Numerai was the result and Craib says he invested over a million dollars of his own money into the venture, topping it up soon afterwards with a $1.5 million injection of cash from a group that included Howard Morgan, one of the founders of Renaissance Technologies, who’s since invested again in Numerai’s latest Series A round, alongside Union Square and First Round Capital.
Everything about the company is unorthodox, and that point’s made even clearer when you watch the short introductory video on Numerai’s website that cuts Craib into a scene that’s more reminiscent of The Matrix.
“When we saw those videos, we thought: ‘this guy thinks differently,’” says Weissman. As Weissman admits, the question is whether the scheme will work. The trouble with homomorphic encryption is that it can significantly slow down data analysis tasks.
“Homomorphic encryption requires a tremendous about of computation time,” says Ameesh Divatia, the CEO of Baffle, a company that’s building encryption similar to what Craib describes, “how do you get it to run inside a business decision window?”
Craib says he’s managed to solve the speed problem but Divatia suggests that this may come at the expense of data privacy. And according to Raphael Bost, a PhD student at Université de Rennes in France who’s also explored the use of machine learning with encrypted data, Numerai’s likely using a method similar to the one used by Microsoft, where the data is encrypted but not in a completely secure way.
“You have to be very careful with side-channels on the algorithm that you are running,” he says of anyone who uses this method.
So far Numerai’s scientists have helped to build over 500,000 machine learning models that have driven over 28 billion predictions for the fund, and as they compete to build the best models they can earn money in the process.

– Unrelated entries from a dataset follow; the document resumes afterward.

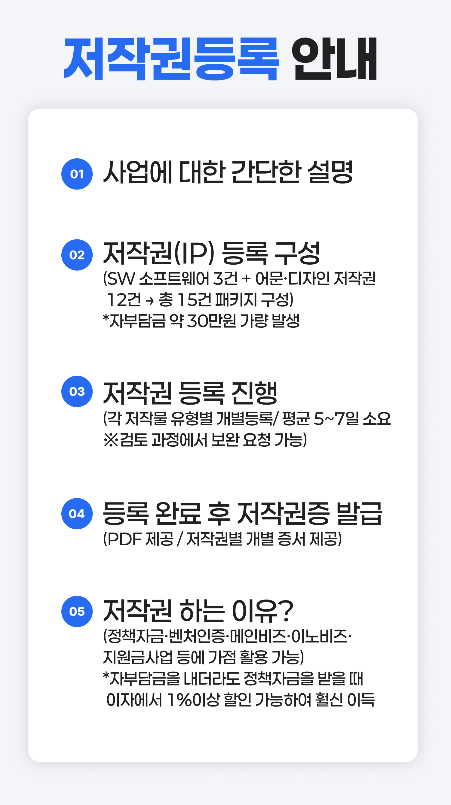 ■ 전달드린 모든 저작물 15개를 모드 등록신청 후 한번에 결제야 할인됩니다
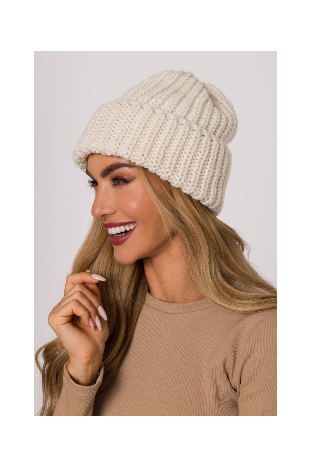 Teplá čepice beanie pletená žebrovaný vzorem (brioche) z měkké příze, v dolní části výrazný ohrnutý lem.
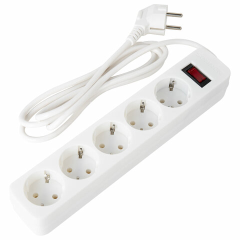 Сетевой фильтр SONNEN SPW-185, 5 розеток с заземлением, выключатель, 10 А, 1,8 м, белый /3/ 513653
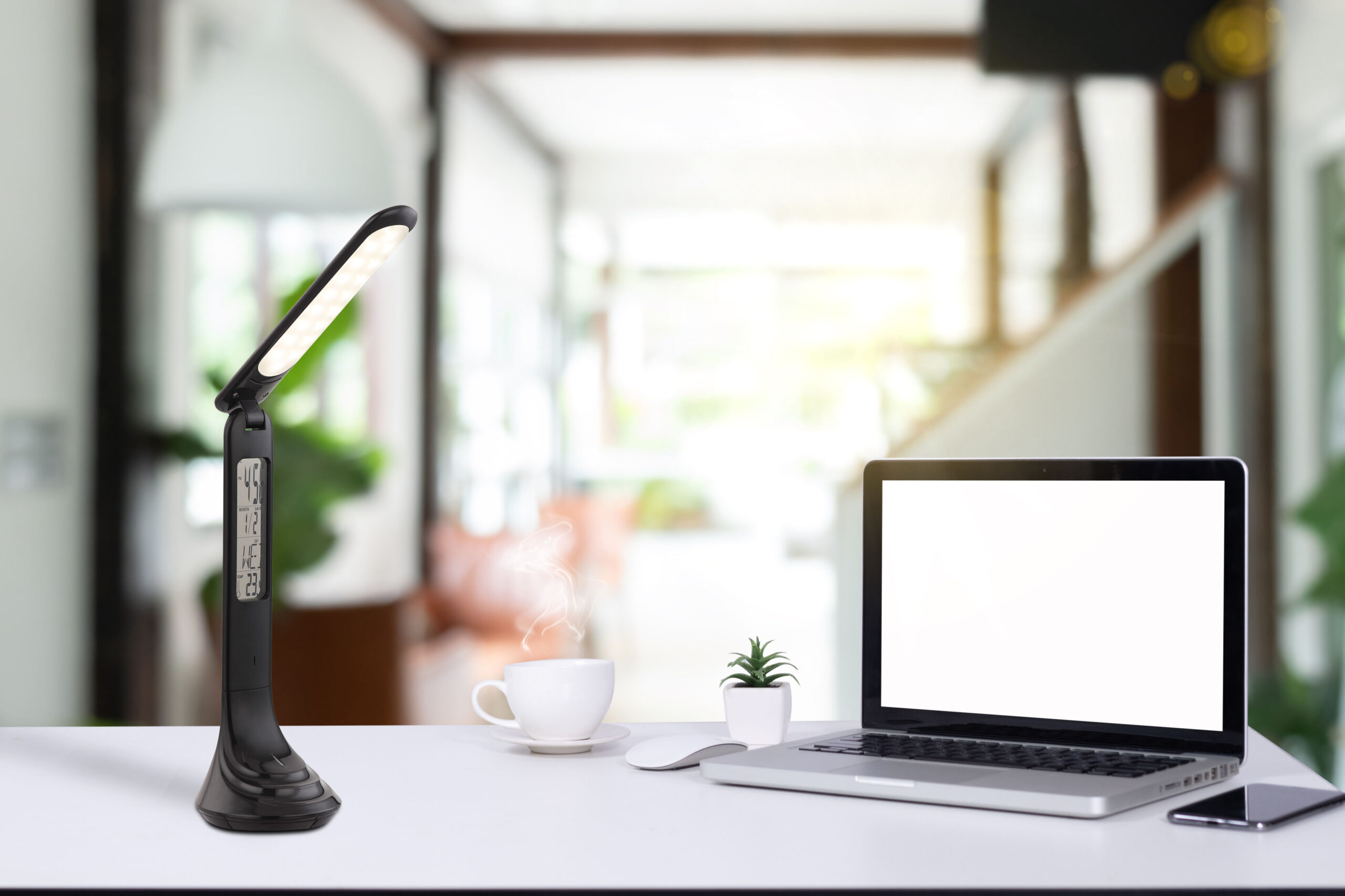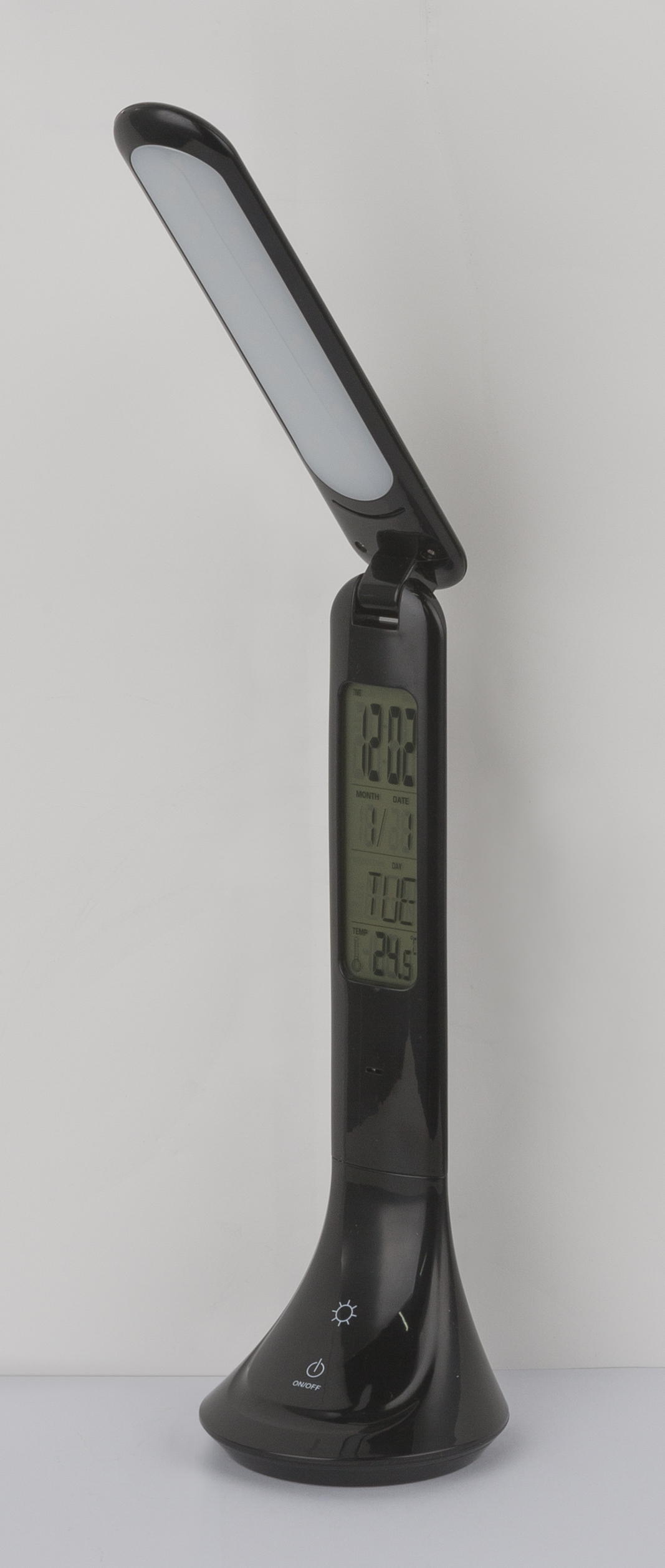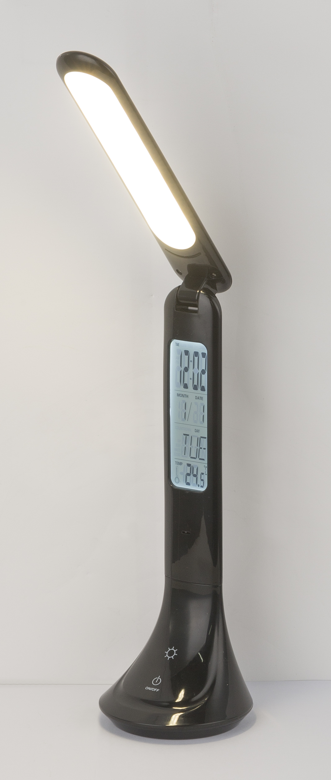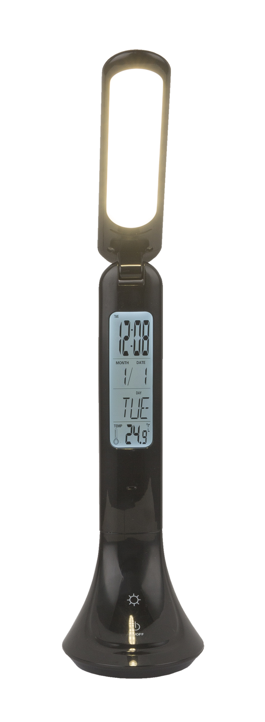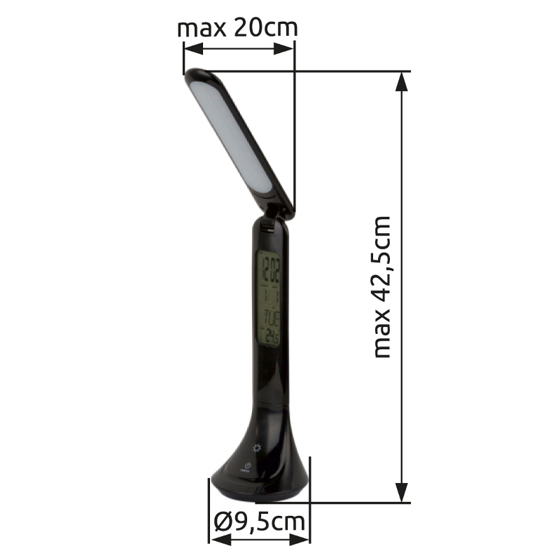 Ova sjajna stolna lampa ističe svojom funkcionalnošću. Koristeći ugrađeni dimer na dodir, osvetljenost se može regulisati u tri nivoa. Zaslon ugrađen u crno plastično kućište nudi vam mogućnost čitanja datuma pored vremena. Funkcija budilnika upotpunjuje paket usluga. Osvetljenjem displeja može se upravljati preko posebnog prekidača. Stolna lampa ima integrisane punjive baterije koje omogućavaju korišćenje van mreže.
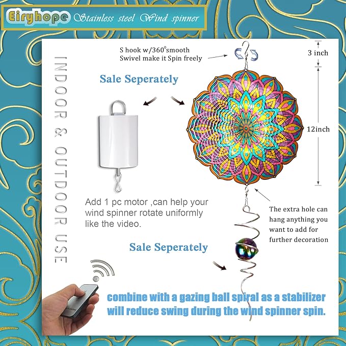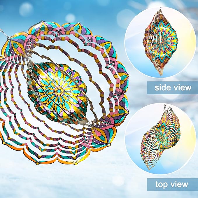 - 【 Easy to Use 3D Wind Spinners 】The garden wind spinner is easy to shape and spin. Its 3D design makes it easy to transform into a 3D hanging wind sculpture. This mandala wind spinner's ingenious metal construction catches more breezes to spin. The 12-inch wind spinner is an eye-catching focal point.
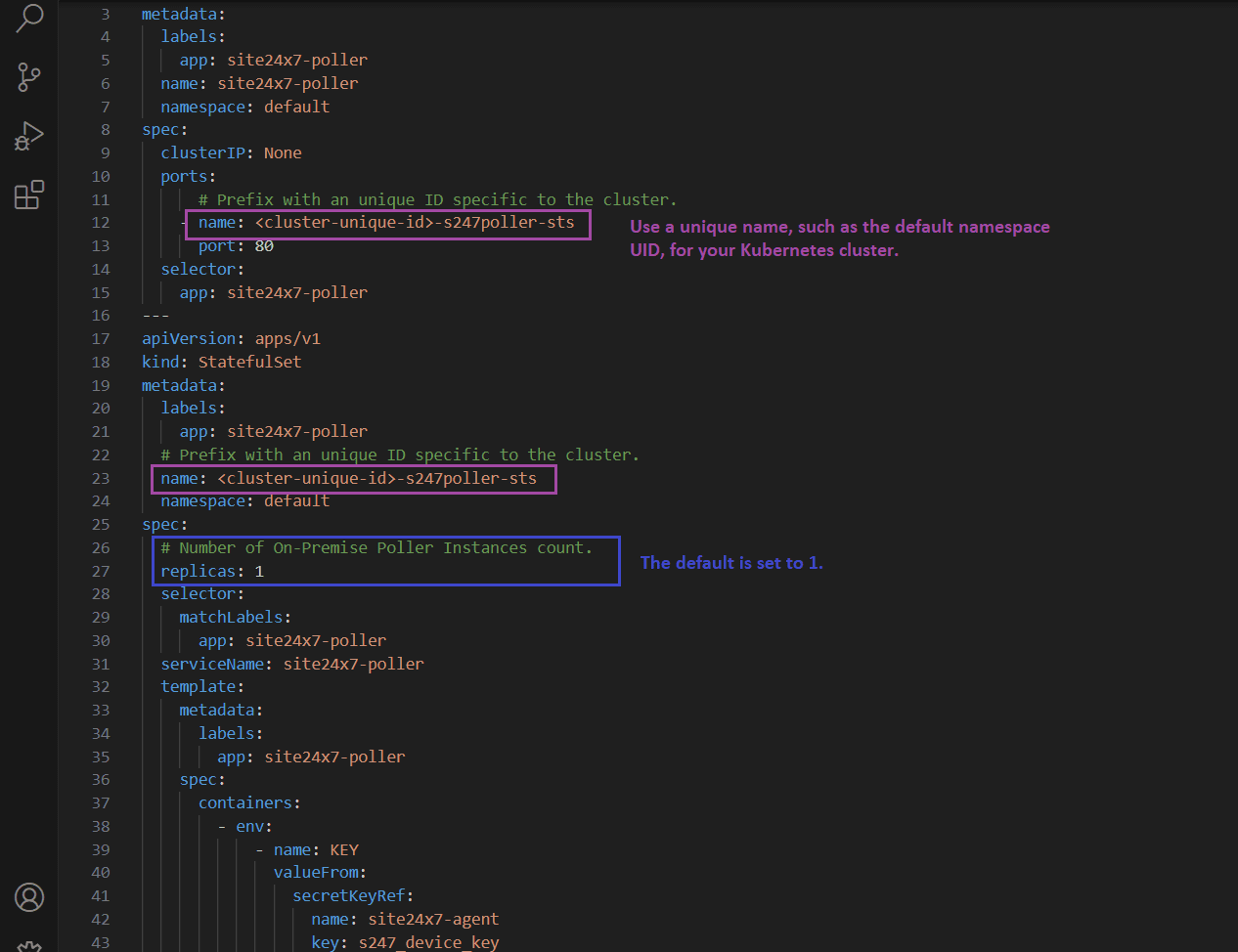 - Provide a replica value (replicas: 1) for the number of On-Premise Pollers instances required. The default is set to one.
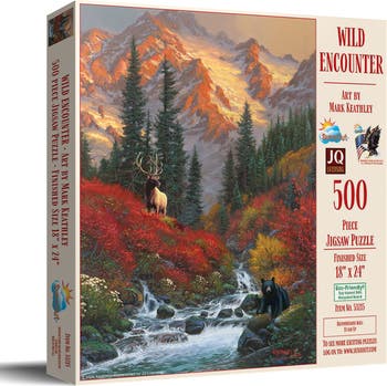Wild Encounter 500 pc Jigsaw Puzzle by SunsOut - 500 Piece Jigsaw Puzzle - Completed Size: 18" x 24" - Puzzle Artist: Mark Keathley - Interlocking Pieces and Durable Construction: SunsOut jigsaw puzzles feature interlocking pieces that fit securely, making assembly easier and reducing frustration. -Ages: 15 years and older - Perfect for adults and seniors. SunsOut puzzles ensure high manufacturing standards ensuring their commitment to quality and customer service. - SunsOut puzzles use soy based inks, high quality puzzle board. As this is a jigsaw puzzle: assembly is required and batteries are not required.
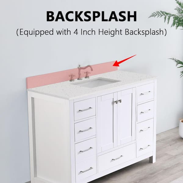 48 in. W x 22 in. D Quartz Stone White Rectangular Single Sink Bathroom Vanity Top with Center Sink Backsplash
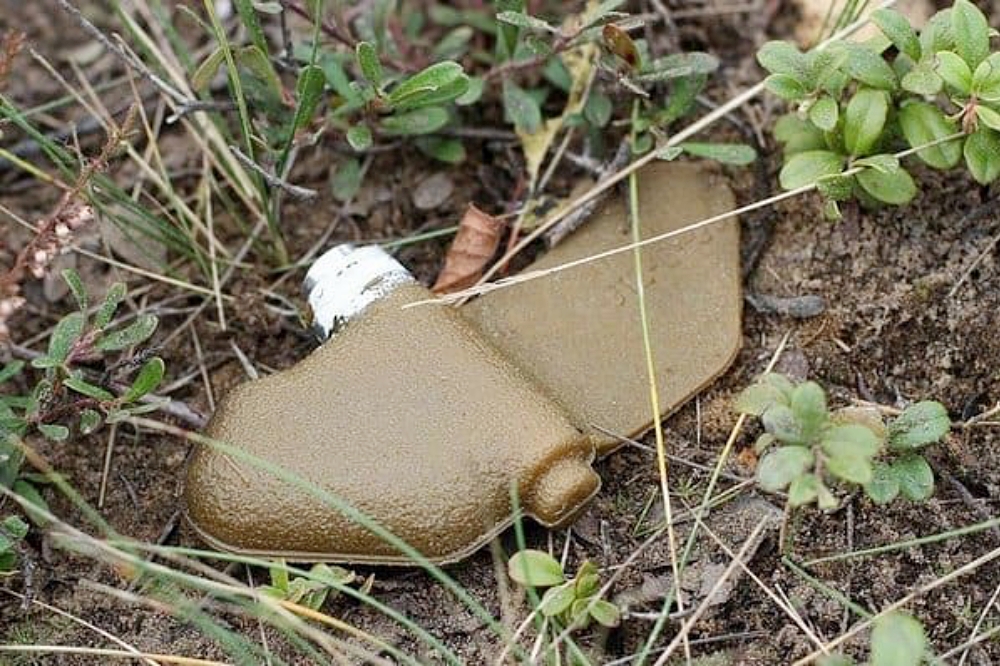 A person can be injured by a mine explosion by damaging the lower part of the leg. The explosion occurs when a person steps on the mine. The total weight of the mine is 75 g, of which 37 g is the explosive itself.
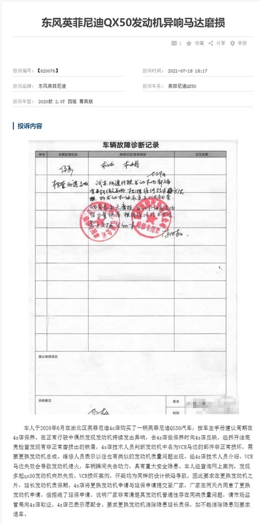 虽说官方否认国内存在同款缺陷,但从某汽车质量投诉平台的数据来看,国内QX50的发动机相关投诉也确实存在。有车主反馈,车辆出现发动机怠速异响、加速时异响明显、故障灯反复亮起、VCR可变压缩比模块频繁失效等问题,还有车主在质保期内就遇到发动机严重磨损,4S店直接要求更换发动机总成,这些故障征兆,和北美问题发动机的早期表现高度吻合,并非个例,也让官方的“无缺陷”说法,很难让国内车主真正信服。
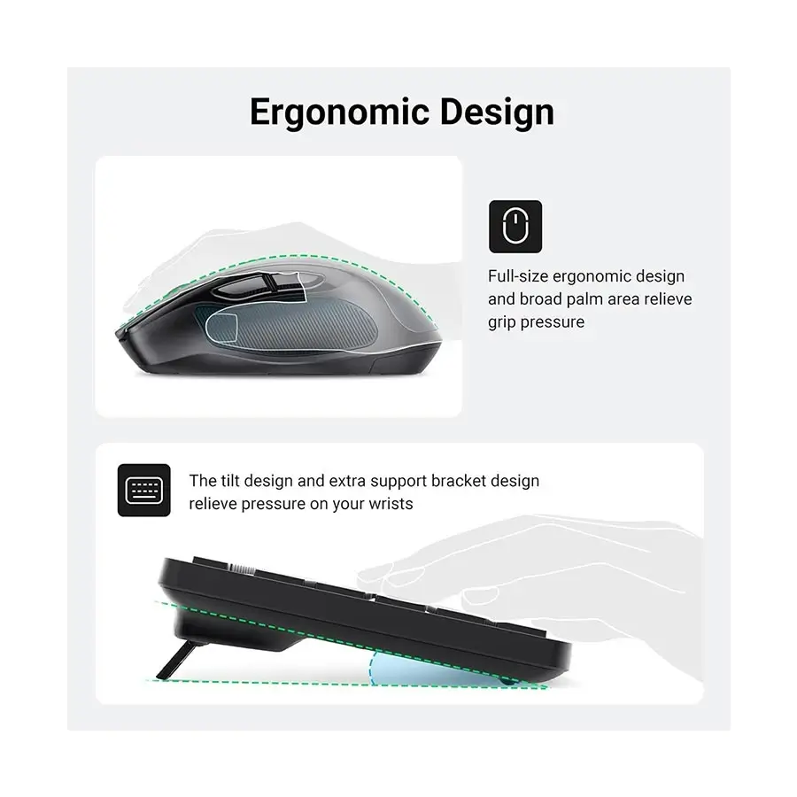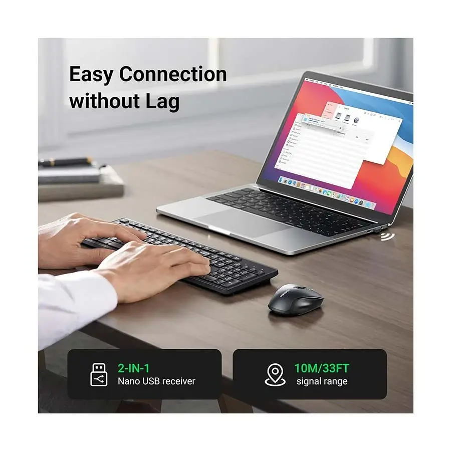 Stable wireless connection Ergonomic and full-sized keyboard plug-and-play

In order for the system to really hum though everything has to be done at high volume, and using a machine learning technique called ensemble learning Numerai‘s platform combines the best algorithms together to form a single, more powerful one. In essence the hedge fund’s “brain.”
Every week, a hundred of the scientists earn bitcoin, and so far Numerai has awarded over $150,000 in payouts. If the fund reaches a billion dollars under management, Craib says it’ll end up paying out over $1 million a month to its scientists – and that’s not pocket change.
And as for dealing with encrypted data? Well the scientists involved say it’s like turning the sound off at a party – you can’t listen in on other people’s conversations any longer but you can still get a very good indication on how close they feel to one another.
As Numerai grows, and as it continues to prove that its model works, then who knows, Wall Street might start to turn to the light and embrace collaboration, and then Craib might finally see his Silicon Valley start up dream, the democratisation of finance, come true.